How should I advise DD on these “mean girl” friendships?

Anonymous
Anonymous wrote:Honestly, you are too emotionally invested here. I’m not judging as I personally did the same thing, and imposed my adult standards and own childhood school trauma onto my kid. I ended up upset long after my daughter was over it and often back friends with these kids again.

Middle schoolers are almost always jerks to someone and most kids grow and evolve once they get into high school. A girl that’s mean in 8th grade isn’t always a “mean girl” and this labeling and trying to designate some kids as horrible and some as victims really isn’t reality most of the time.

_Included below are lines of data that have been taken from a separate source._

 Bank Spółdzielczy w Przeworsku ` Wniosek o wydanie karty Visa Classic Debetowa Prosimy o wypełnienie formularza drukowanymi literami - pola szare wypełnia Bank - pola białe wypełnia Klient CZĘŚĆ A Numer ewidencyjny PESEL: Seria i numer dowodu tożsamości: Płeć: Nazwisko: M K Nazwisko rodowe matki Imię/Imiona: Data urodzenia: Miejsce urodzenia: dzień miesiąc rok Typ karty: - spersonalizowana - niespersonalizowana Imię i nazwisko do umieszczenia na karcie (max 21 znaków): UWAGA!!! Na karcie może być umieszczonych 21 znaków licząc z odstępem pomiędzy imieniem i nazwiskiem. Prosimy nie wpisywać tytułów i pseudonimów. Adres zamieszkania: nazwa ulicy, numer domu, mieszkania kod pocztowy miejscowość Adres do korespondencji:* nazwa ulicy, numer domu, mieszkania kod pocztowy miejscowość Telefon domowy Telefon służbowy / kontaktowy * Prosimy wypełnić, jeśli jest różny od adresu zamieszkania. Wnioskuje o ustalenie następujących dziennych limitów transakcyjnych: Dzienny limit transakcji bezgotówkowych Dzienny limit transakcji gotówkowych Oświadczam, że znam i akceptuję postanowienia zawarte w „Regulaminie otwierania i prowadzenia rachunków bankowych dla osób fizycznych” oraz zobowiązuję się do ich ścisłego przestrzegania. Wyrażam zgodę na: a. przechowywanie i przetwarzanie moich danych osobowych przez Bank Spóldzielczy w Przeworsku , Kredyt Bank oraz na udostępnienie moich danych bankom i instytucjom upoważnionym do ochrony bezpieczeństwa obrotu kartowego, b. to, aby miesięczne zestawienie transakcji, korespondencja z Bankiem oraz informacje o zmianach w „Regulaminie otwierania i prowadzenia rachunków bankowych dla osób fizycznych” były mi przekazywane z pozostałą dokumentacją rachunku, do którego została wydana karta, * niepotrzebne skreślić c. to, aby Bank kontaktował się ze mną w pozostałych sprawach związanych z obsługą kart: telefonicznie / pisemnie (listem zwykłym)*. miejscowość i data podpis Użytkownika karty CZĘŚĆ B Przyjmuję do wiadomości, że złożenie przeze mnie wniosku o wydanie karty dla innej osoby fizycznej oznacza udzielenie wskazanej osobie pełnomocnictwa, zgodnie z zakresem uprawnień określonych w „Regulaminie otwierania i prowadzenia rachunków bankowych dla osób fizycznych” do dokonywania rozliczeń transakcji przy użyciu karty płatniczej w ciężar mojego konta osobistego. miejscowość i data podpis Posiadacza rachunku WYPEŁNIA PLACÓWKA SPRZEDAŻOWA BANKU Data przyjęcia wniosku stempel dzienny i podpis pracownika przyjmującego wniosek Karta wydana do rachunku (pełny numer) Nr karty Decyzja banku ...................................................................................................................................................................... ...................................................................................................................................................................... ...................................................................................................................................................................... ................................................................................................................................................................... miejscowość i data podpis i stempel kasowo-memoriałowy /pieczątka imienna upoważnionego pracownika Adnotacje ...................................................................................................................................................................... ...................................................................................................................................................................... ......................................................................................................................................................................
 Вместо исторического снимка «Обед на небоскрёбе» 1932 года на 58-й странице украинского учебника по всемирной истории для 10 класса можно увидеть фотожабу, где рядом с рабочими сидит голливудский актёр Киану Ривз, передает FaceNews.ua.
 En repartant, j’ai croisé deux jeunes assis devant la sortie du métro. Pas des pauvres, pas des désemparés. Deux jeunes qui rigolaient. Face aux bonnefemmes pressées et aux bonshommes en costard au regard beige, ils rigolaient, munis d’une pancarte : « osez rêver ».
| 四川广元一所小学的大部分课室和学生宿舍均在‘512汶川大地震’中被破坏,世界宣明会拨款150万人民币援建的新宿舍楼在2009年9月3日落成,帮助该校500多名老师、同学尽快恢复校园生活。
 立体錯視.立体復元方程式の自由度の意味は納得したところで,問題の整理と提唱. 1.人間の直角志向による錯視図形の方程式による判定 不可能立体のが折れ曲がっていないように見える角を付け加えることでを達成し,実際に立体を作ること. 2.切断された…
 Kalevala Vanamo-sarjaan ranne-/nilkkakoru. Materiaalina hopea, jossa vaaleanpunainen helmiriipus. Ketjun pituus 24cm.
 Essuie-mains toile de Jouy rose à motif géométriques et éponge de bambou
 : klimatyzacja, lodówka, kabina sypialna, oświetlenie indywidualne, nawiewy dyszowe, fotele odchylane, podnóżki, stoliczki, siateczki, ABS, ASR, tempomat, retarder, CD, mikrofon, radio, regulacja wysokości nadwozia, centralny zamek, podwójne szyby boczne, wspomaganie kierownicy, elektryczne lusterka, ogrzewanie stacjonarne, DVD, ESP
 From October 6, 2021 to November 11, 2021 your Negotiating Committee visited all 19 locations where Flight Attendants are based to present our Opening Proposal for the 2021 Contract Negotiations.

The fact that your daughter thinks they can be friends again is actually quite mature. She just needs help understanding how to implement boundaries and not accepting repeat behavior. People who just cut people off forever never learn to work through issues - not all issues are worth working through, but what you describe just sounds like typical immature behavior most kids can grow from.


This exactly! Teen brains develop more rapidly than at any other period other than toddlers. A 14 yr old can be quite dramatically different at 17. Boundaries and natural consequences to bad behavior are appropriate. Labeling someone based on their worst 8th grade behavior is counter-productive. My DD is now in college, and I will tell you that one of the mean girls from MS is now in and out of mental hospitals and her family life is a tragic train wreck. If I had it to do over, I would have more empathy for her, but still encourage my DD to set boundaries with her.